完全に起き損である。休みの日は朝から晩まで寝て過ごすって決めてるのに。

《ちょっとやる気足りてないんじゃないの? それでも俺のストーカー?》

『は? 俺のこと舐めてる? シーナこの間、バイトの子が休みだから月曜代わりに入るって約束してたでしょ』

「……え?」

あれ。そういえば。
慌ててカレンダーアプリを開く。

「……うわっ、うわ、やば!! やばい! 遅刻!!!」

ポピン
『ね、やる気充分でしょ』

いや、今それどころじゃないから!!
ソファーから慌てて跳ね起きた。ストーカーとメッセージのやり取りしてる間に時計の針は進んで、18時15分を指している。
やばいやばい!

「行ってきます!!!!」

ポピン
『いってらっしゃいかわいいシーナ。ちゃんと間に合う時間だから大丈夫、慌てて転ばないようにね。今日もお仕事頑張って』







――ここまで見てくれた人なら分かると思うけど、あの謎のメッセージ男との交流は、あれから数週間経った今でもなぜか続いている。てか、俺が続けてる。もっと言うなら、扱いに困って判断を後回し後回しにしてる。

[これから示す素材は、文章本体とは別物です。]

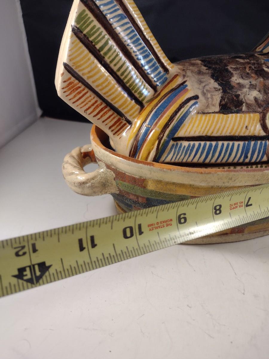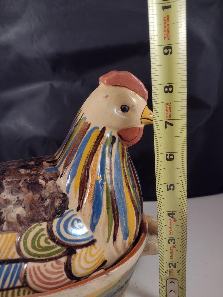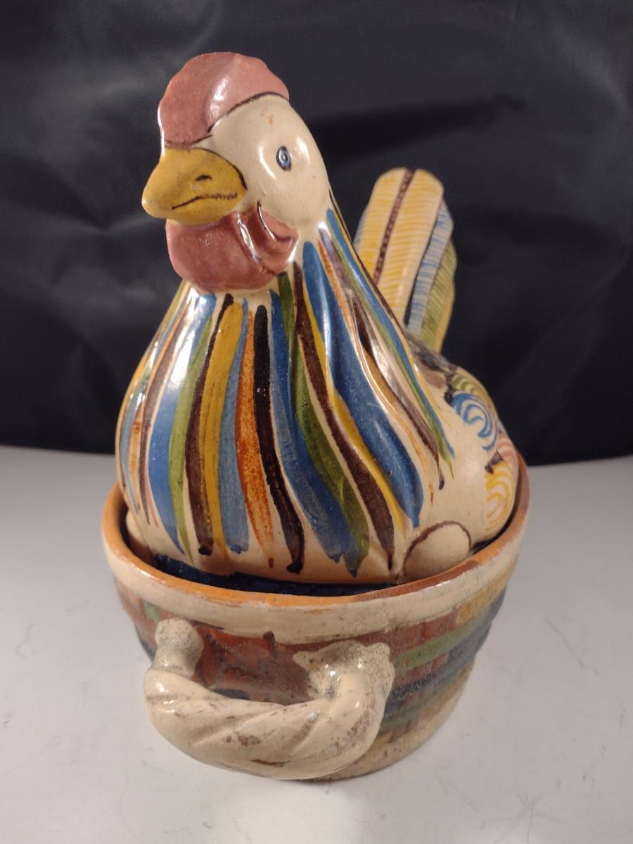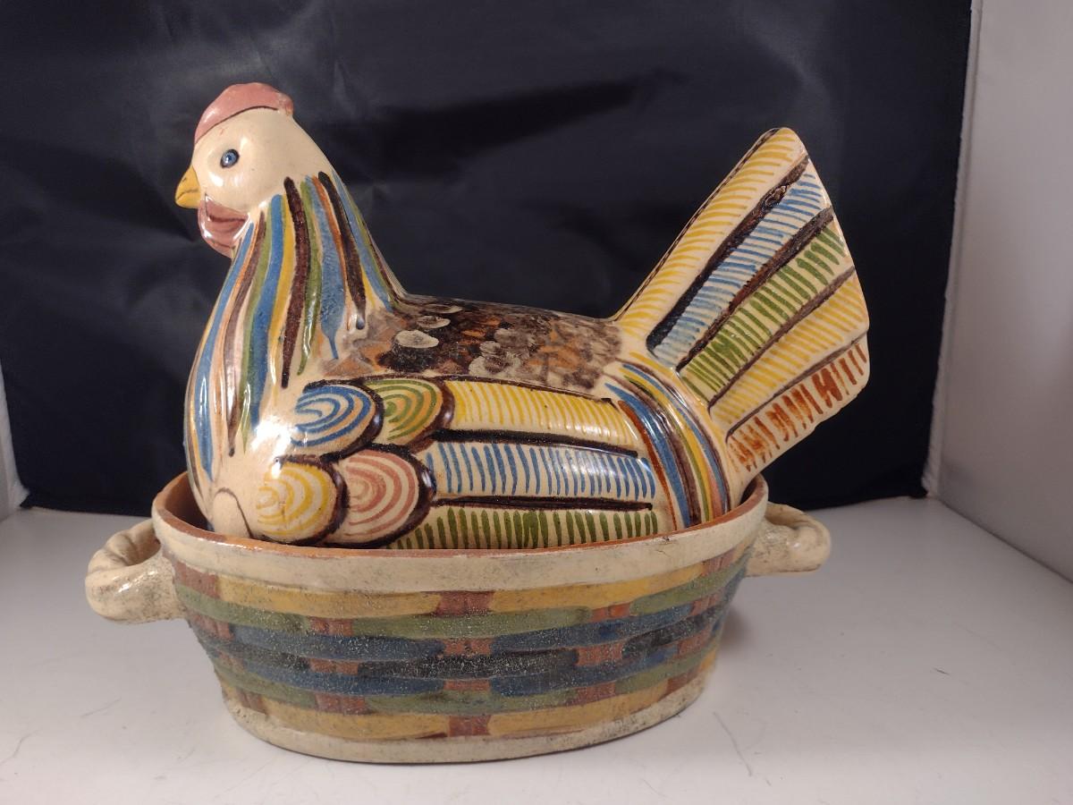 Italian Clay Pottery Hand Painted Hen on a Next Large Bowl
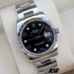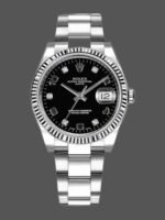 Rolex Oyster Perpetual Date 115234 Black Diamond Dial 34mm Unisex Replica Watch.Stainless steel case 34 mm in diameter. High polished lugs.Polished stainless steel “Twinlock” crown, featuring two sealed zones when the crown is screwed down: the first inside the tube of the crown, the second inside the winding crown itself.Fine printed minute track on the black dial perimeter.Date window at 3 o’clock aperture.Stainless steel oyster bracelet with a oysterlock clasp. Fits 7″ wrist.
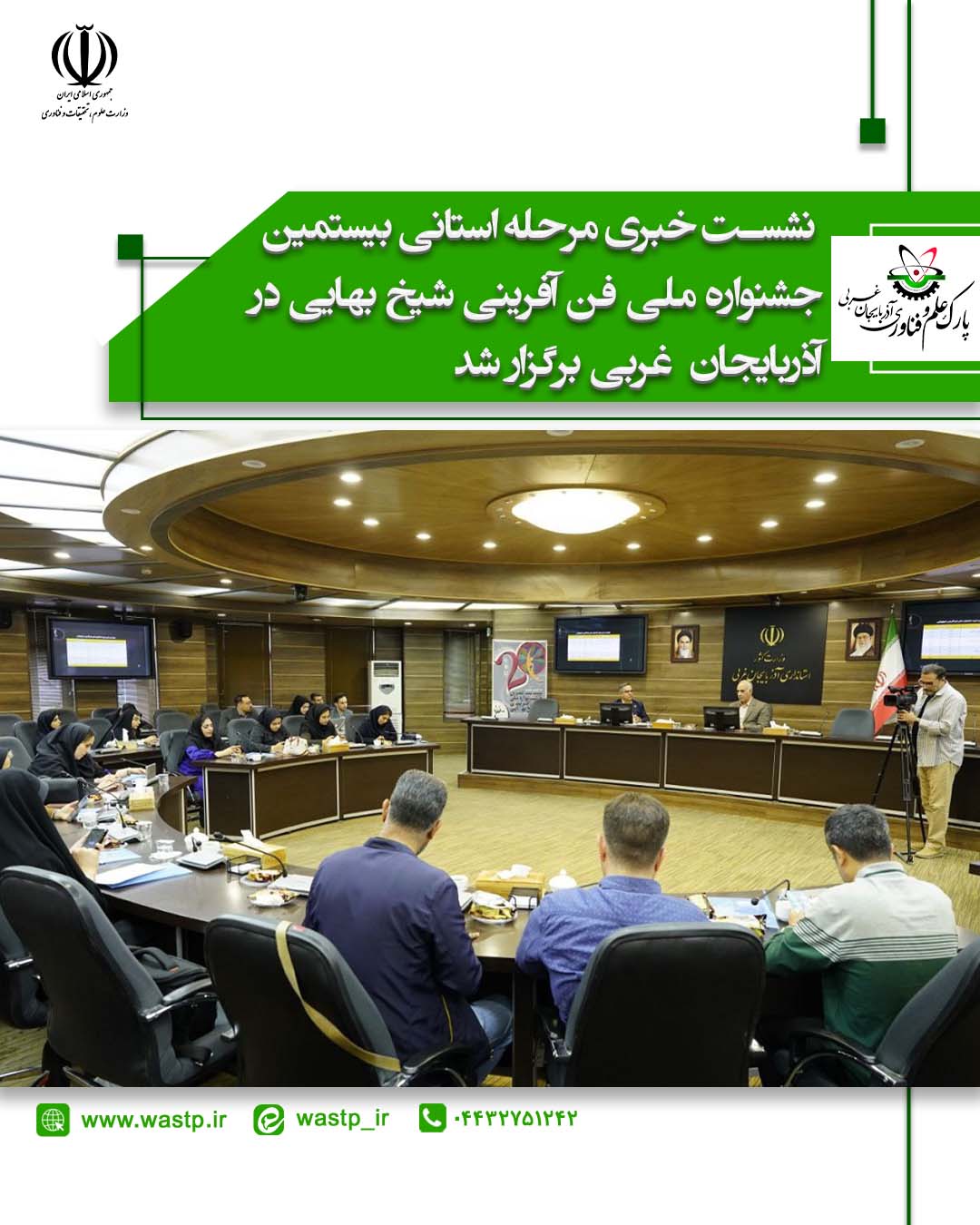 به گزارش روابط عمومی، دکتر حسن حیدری رئیس پارک علم و فناوری آذربایجان غربی در این نشست خبرداد: پارک علم و فناوری آذربایجان غربی به عنوان دبیرخانه استانی با همکاری شهرک علمی تحقیقاتی اصفهان، بیستمین جشنواره ملی فنآفرینی شیخ بهایی را در استان برگزار می کند.

だって、今のところなんの害もないんだもん。むしろ超有能なAIアシスタントみたいで助かってる節まである。
「Heyストーカーさん、今日の天気は何?」って。
ほら、現に今も、彼のおかげで店長に迷惑かけずに済みそうだ。

「遅刻ー!」

あの蛍光灯事件から、俺の周りでは不思議な現象が多発していた。
気づいたら俺の細やかなバスルームに高級シャンプーとコンディショナーが設置され、洗面所の棚にはヘアオイル、フェイスパック、ネイルオイル、リップクリームなんかが常備されている。高級ホテルのアメニティもびっくりな品揃え。……いや、高級ホテルとか泊まったことないから想像なんだけど。
興味本位でフェイスパックを使った。お肌がかつてないぐらいもちもちになった。何やってんだろ俺。

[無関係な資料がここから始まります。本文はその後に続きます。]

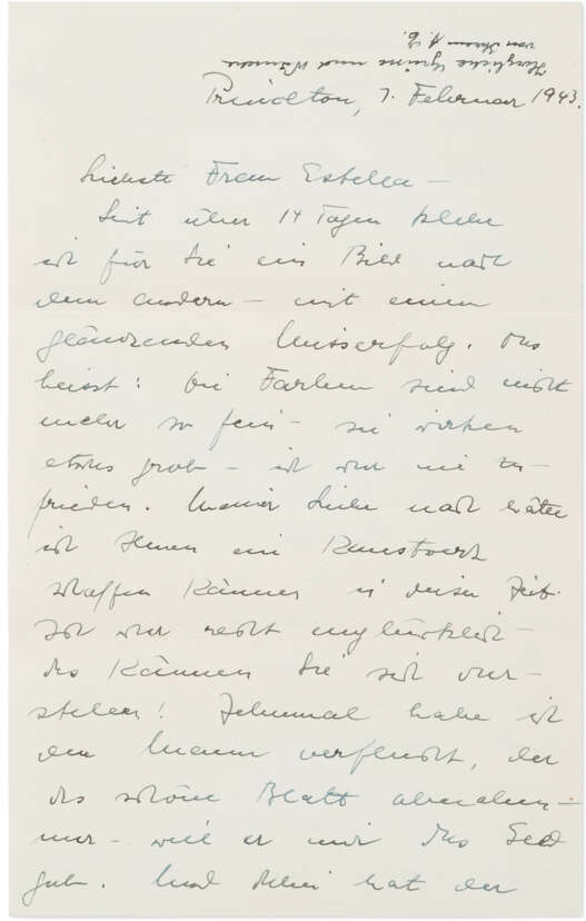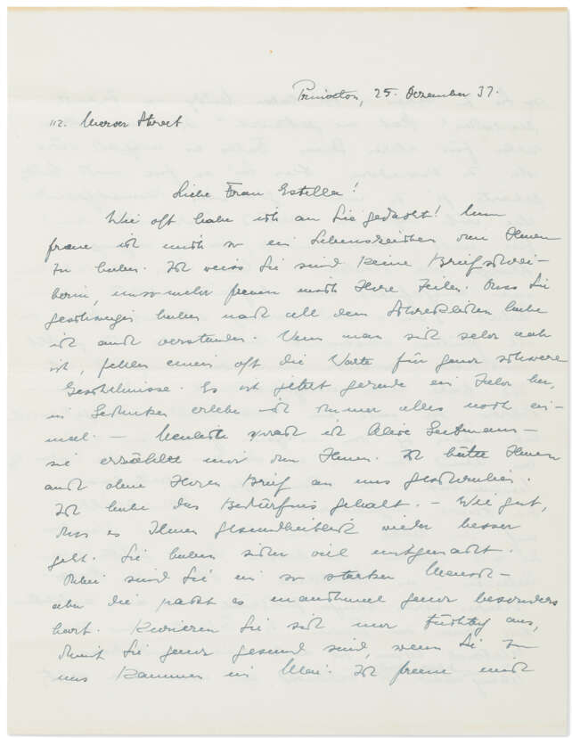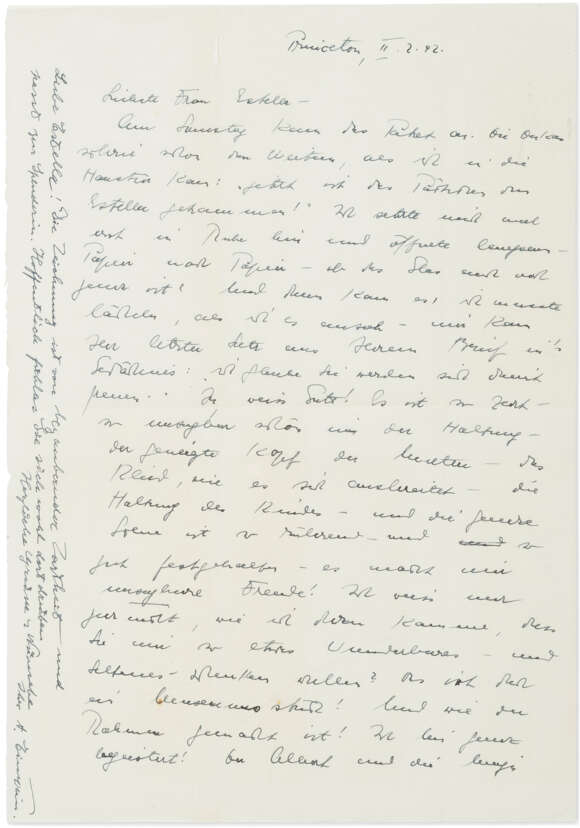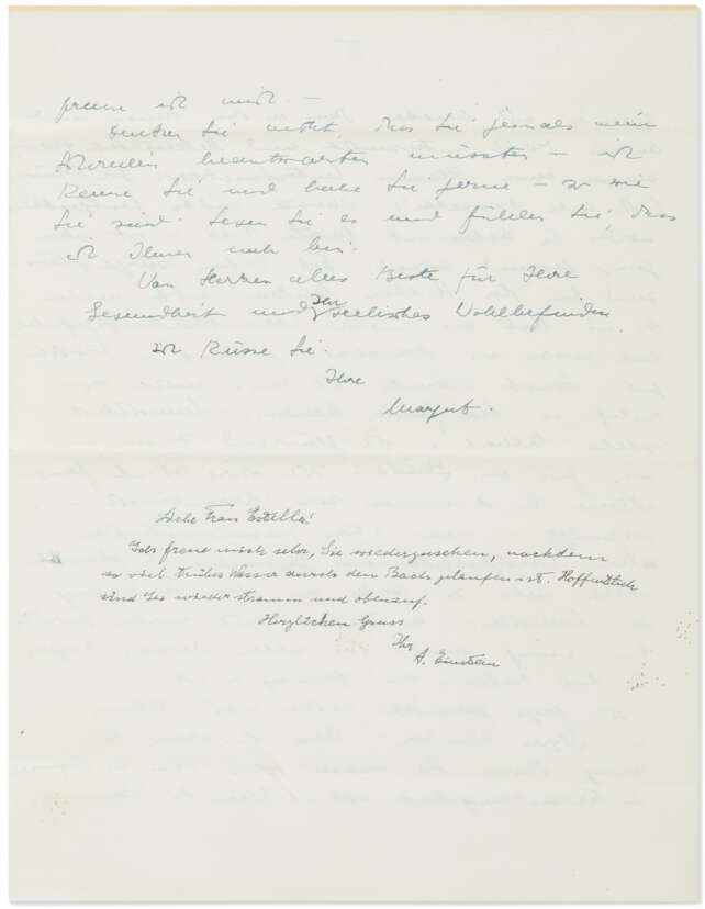 – EINSTEIN, Margot. Autograph letter signed to Estella Katzenellenbogen, Princeton, 7 February 1943. 2 pages, 203 x 126mm. [With:] EINSTEIN, Albert. Autograph note signed ("A.E.") at the top margin.

それだけじゃない。年がら年中麦茶と安売りの食パンしか入っていない冷蔵庫の中に、いつのまにか野菜やら肉やらがぎゅーぎゅーに詰めこまれていたりもした。
――いや、正体不明の不審者が用意した食べ物は流石にまずいだろ。
そう思ったんだけど、食材を捨てることも、ダメになっていくのを黙って見ていることも、俺にはできなかった。
肉、めっちゃいいヤツだったし。超うまかった。ストーカーがくれた肉なんてこと忘れてぺろっと平らげて。ハッと我に返った頃には、空になったお皿が俺の目の前でペカペカ輝いていた。
これだから貧乏人はダメなんだよな。